Our sangha, or meditation group, which I had the privilege of leading last Saturday, devoted some discussion time to the theme of mindful caregiving, essentially how our regular meditation practice becomes embodied in our relationships with others. I wanted to add to this page some of the insights that arose in that discussion. Why is it so important that we practice with others, in a sangha? And how do we take our meditation practice from our sangha into the rest of our lives, particularly when we are caring for others? It is the central question of the book we have begun to read together, Frank Ostaseski's The Five Invitations.
First, one of the comments that has long been attributed to the Buddha himself: One of his followers said in praise of sangha, “Relationship must be half of the experience of our practice.
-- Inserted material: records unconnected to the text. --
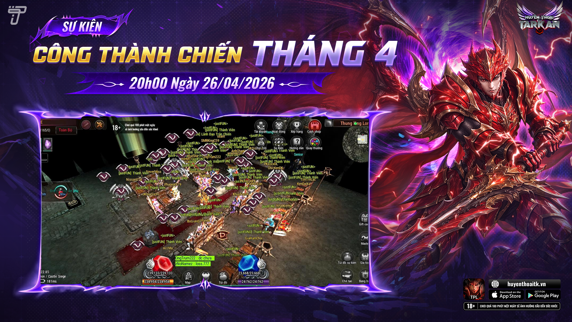 Công Thành Chiến 2 máy chủ Tháng 4 | MU: Huyền Thoại Tarkan Mobile
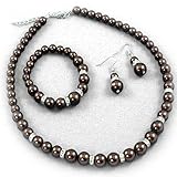 Here is a classic dark brown faux pearl necklace bracelet and earrings set. This lovely set features graduated pearl size - thicker in the front, going smaller towards the back. Also, all pieces are accented with sparkling clear rhinestones. Necklace measures 15" long and can be extended. Comes with matching bracelet and dangle earrings. Your set will come to you in a foil gift box great for gift giving. Box may be a different color than the one shown.
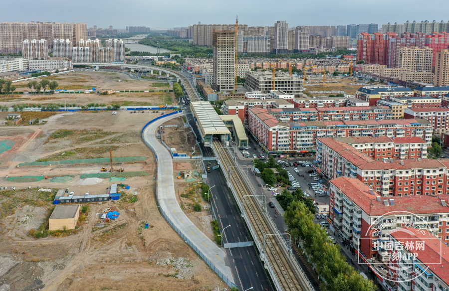 无人机航拍长春轻轨4号线东新路站。
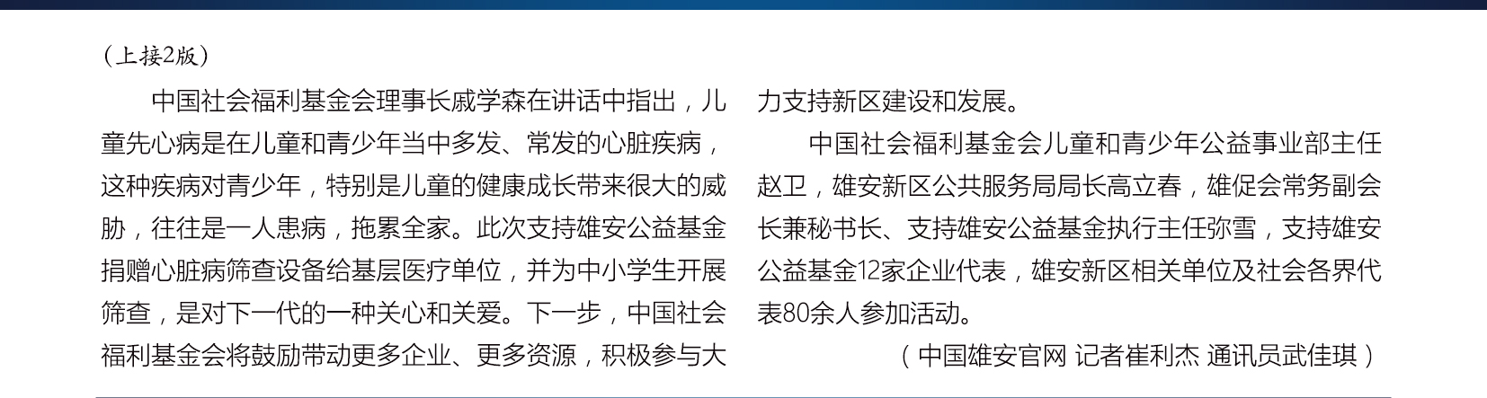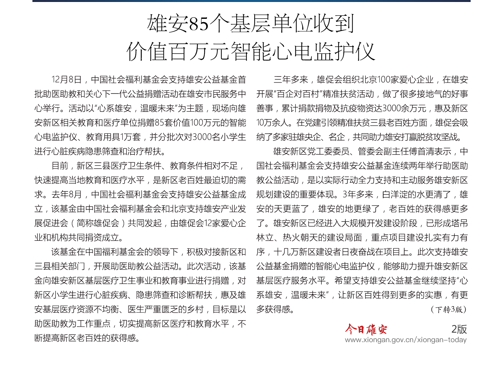 12月8日,中国社会福利基金会支持雄安公益基金首批助医助教和关心下一代公益捐赠活动在雄安市民服务中心举行。
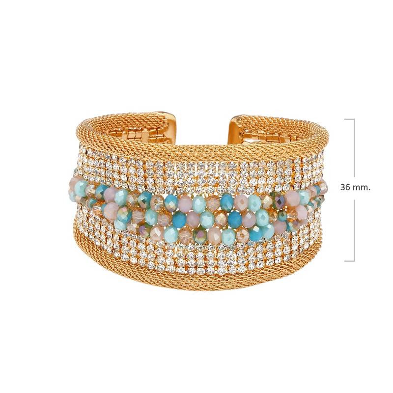 | Product Name | Natural Beads And Rhinestones Italian Designer Cuffs Aqua Beaded Golden Cuff | |
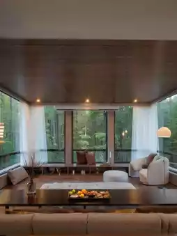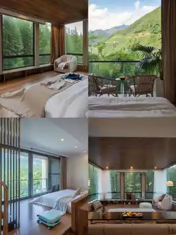 Floor-to-ceiling windows frame the bamboo forest like a painting, and the bathtub faces the mountain view. Fill it up, toss in some rose petals, and soak while gazing at the distant mist—it's so beautiful it leaves you speechless 💦. Smart toilet, central AC—no need to mention those—but they even have a big-screen projector! At night, snuggle under the blankets for a movie while listening to the rustling bamboo leaves outside, and you'll sleep like a baby 🐷.
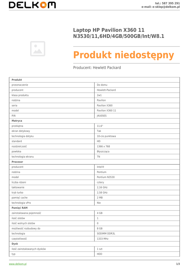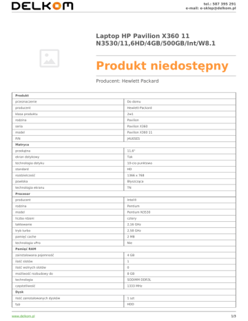 tel.: 587 395 291 e-mail: [email protected] Laptop HP Pavilion X360 11 N3530/11,6HD/4GB/500GB/Int/W8.1 Produkt niedostępny Producent: Hewlett Packard Produkt przeznaczenie Do domu producent Hewlett-Packard klasa produktu 2w1 rodzina Pavilion seria Pavilion X360 model Pavilion X360 11 P/N J4U05ES Matryca przekątna 11,6" ekran dotykowy Tak technologia dotyku 10-cio punktowa standard HD rozdzielczość 1366 x 768 powłoka Błyszcząca technologia ekranu TN Procesor producent Intel® rodzina Pentium model Pentium N3530 liczba rdzeni cztery taktowanie 2,16 GHz tryb turbo 2,58 GHz pamięć cache 2 MB technologia vPro Nie Pamięć RAM zainstalowana pojemność 4 GB ilość slotów 1 ilość wolnych slotów 0 możliwość rozbudowy do 8 GB technologia SODIMM DDR3L częstotliwość 1333 MHz Dysk ilość zainstalowanych dysków 1 szt typ HDD www.delkom.pl 1/3 tel.: 587 395 291 e-mail: [email protected] pojemność 500 GB interfejs SATA III prędkość obrotowa 5400 rpm wolne sloty Brak Karta graficzna producent karty zintegrowanej Intel® model karty zintegrowanej HD Graphics model karty dedykowanej Brak Napędy napęd optyczny Brak Multimedia karta dźwiękowa HD Audio głośniki ilość 2 wbudowana kamera 0,3 Mpix wbudowany mikrofon Tak czytnik kart pamięci Tak obsługiwane formaty pamięci SD Komunikacja karta sieciowa przewodowa 10/100 Mbps typ bezprzewodowej karty sieciowej 802.11 b/g/n wbudowany modem Brak bluetooth 4.0 NFC (near field connection) Nie WiDi (Intel® Wireless Display) Nie Interfejsy WE/WY HDMI 1 szt Display Port Brak VGA (RGB) Brak USB 3.0 1 szt USB 2.0 1 szt thunderbolt Brak RJ-45 [LAN] 1 szt wyjście słuchawkowe Jack 3,5 mm wejście mikrofonu Brak Klawiatura układ klawiatury Qwerty (International) panel numeryczny Nie podświetlenie Nie odporność na zalanie Nie Urządzenie wskazujące typ 1 Touchpad typ 2 Brak System operacyjny wersja Windows 8.1 architektura 64 bit www.delkom.pl 2/3 tel.: 587 395 291 e-mail: [email protected] wersja językowa polska Systemy zabezpieczeń gniazdo na blokadę Kensington Tak czytnik linii papilarnych Nie moduł TPM Nie czytnik Smart Card Nie Akumulator pojemność baterii 29 Wh przybliżony czas pracy Do 5 godzin Właściwości fizyczne materiał obudowy Tworzywo sztuczne z poliwęglanem wzmocniona konstrukcja Nie kolor obudowy Srebrny kolor pokrywy Srebrny kolor klawiatury Czarny kolor ramki matrycy Czarny waga 1,4 kg wysokość (mm) 22 szerokość (mm) 308 głębokość (mm) 215 Gwarancja typ gwarancji Producenta rodzaj gwarancji Carry-In/Door-To-Door (dostarczenie do serwisu) gwarancja czas trwania 24 miesiące międzynarodowa Nie www.delkom.pl 3/3

The Buddha responded, “No. Relationship is the whole of our practice.”
Compassion is an essential spiritual teaching, not only in Buddhism but in other traditions as well. Literally it means to suffer with, but in practice, compassion is a response to the suffering of others that motivates a desire to help them. So there is an implied other, whether a person or another sentient being, or even dissociated aspects of our own selves, which we need to more consciously, more fully embody, in order to know our wholeness or integrity.)
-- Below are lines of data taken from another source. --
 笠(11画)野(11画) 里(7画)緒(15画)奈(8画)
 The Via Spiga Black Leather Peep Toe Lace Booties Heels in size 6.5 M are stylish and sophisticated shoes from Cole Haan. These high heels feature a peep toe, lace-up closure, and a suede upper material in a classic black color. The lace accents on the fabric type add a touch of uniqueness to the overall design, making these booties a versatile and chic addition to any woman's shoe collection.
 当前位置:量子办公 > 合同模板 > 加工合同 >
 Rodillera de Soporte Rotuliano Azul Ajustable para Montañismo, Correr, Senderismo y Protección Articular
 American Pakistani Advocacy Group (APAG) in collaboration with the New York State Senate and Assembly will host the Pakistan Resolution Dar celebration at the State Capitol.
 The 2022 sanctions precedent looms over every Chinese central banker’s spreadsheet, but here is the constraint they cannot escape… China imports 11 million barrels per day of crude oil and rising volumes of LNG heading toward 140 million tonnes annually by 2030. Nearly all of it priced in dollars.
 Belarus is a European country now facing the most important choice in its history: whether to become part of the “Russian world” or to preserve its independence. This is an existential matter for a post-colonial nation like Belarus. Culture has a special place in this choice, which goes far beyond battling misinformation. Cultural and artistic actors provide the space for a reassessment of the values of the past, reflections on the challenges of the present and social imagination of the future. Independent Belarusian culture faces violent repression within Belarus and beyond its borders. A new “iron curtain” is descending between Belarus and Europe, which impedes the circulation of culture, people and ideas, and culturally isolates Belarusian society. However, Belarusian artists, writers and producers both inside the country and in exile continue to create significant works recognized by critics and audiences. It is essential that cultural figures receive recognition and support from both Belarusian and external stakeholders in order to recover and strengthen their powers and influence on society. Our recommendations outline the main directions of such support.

Listening − truly listening − is the most powerful way to connect. We meditate to develop a listening heart, and by listening with our heart, we connect.
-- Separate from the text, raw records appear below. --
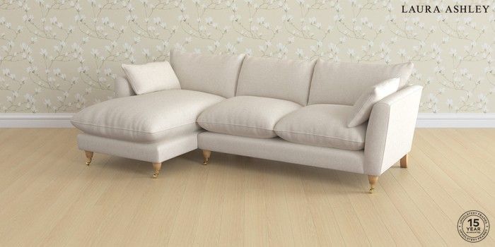 7.3.1 Buy Casterton by Laura Ashley Medium Sofa Chaise - Left Hand Anneliese Oyster Natural Low Brass Castor - Light Oak from the Seasons online shop Click here to use our website with more accessibility support, for example screen readers
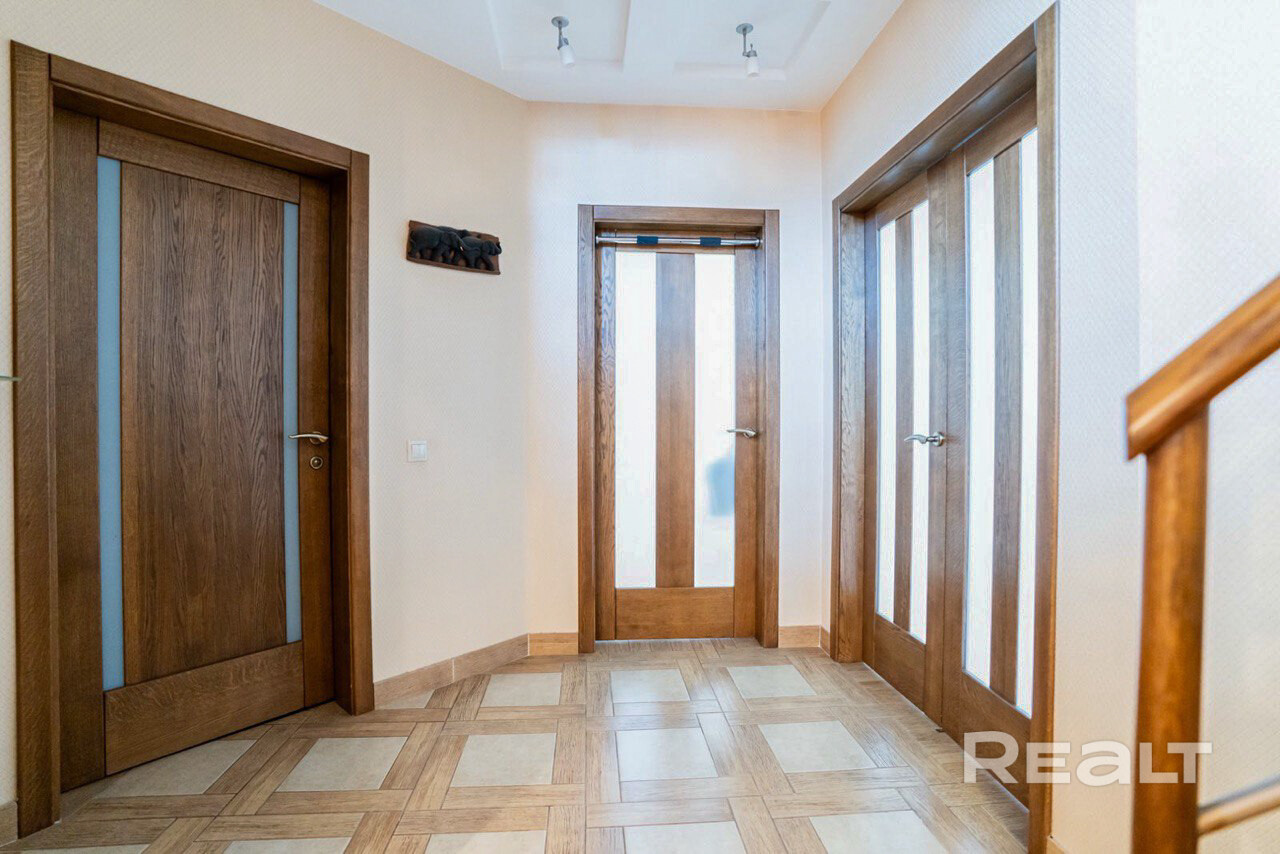 - Просторная, светлая квартира, с функциональной планировкой 5 жилых комнат: 3 спальни, гостиная и комната отдыха с естественным освещением в цокольном этаже, гардеробная и встроенные шкафы, подсобное помещение, сауна, гараж, общая площадь квартиры 211 м
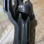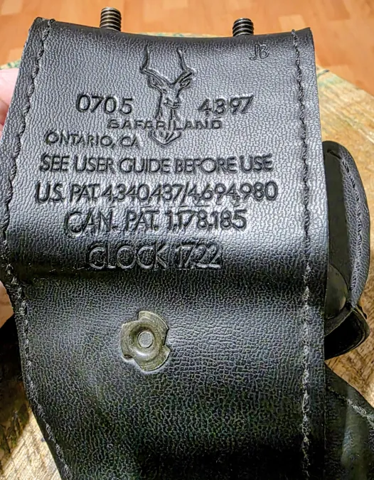 Authentic Safariland model 0705 active-duty holster for Glock 17 (9 mm) and Glock 22 (.40 S&W). USA-made, SafariLaminate body with suede-lined interior. Typical LE/security issue style from late-1990s to mid-2000s.
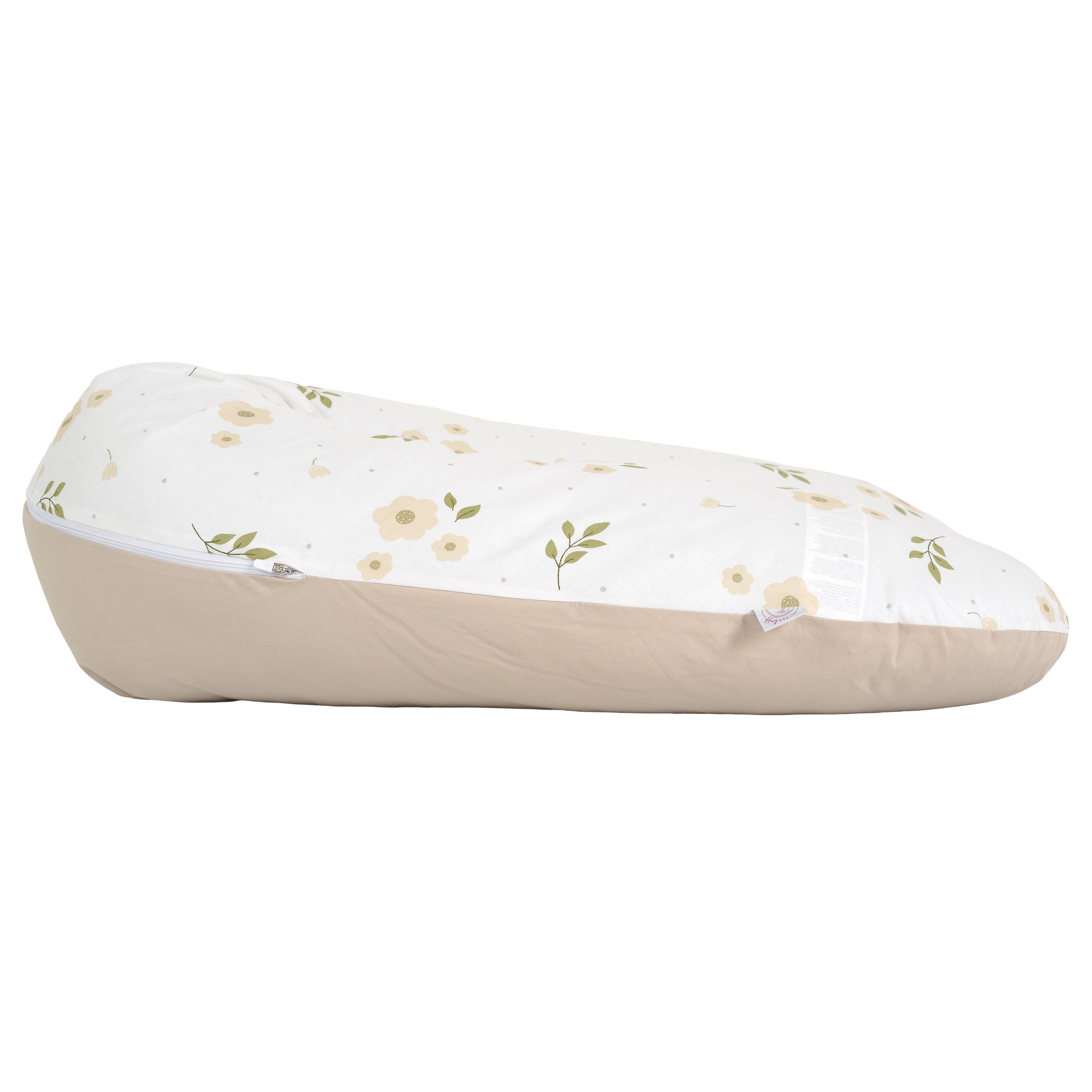 The Hugsy nursing pillow by HUGZZZ is designed to provide stable support and maximum comfort during pregnancy and after childbirth. Its ergonomic shape helps maintain proper body alignment during sleep, reducing tension in the back, lower back, hips, and legs while gently supporting the belly.
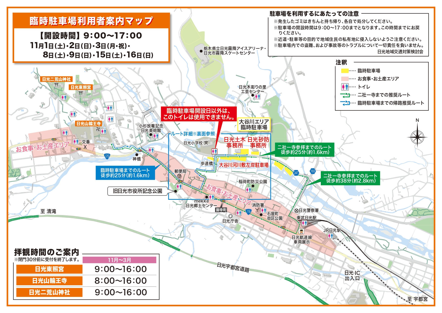 場所 日光東照宮駐車場、日光山輪王寺第二駐車場、日光二荒山神社駐車場 等

In the recent book What is Zen? written by Norman Fischer with the assistance of Sue Moon, Norman said
“…as I’ve gotten older and practiced with more and more people over the years, I have attached much more importance to the teachings about compassion and connection…[Those teachings] are saying that it’s nothing but connection, compassion, and love. That’s all there really is… The teachings are expressed through dialogue and encounter, person to person.”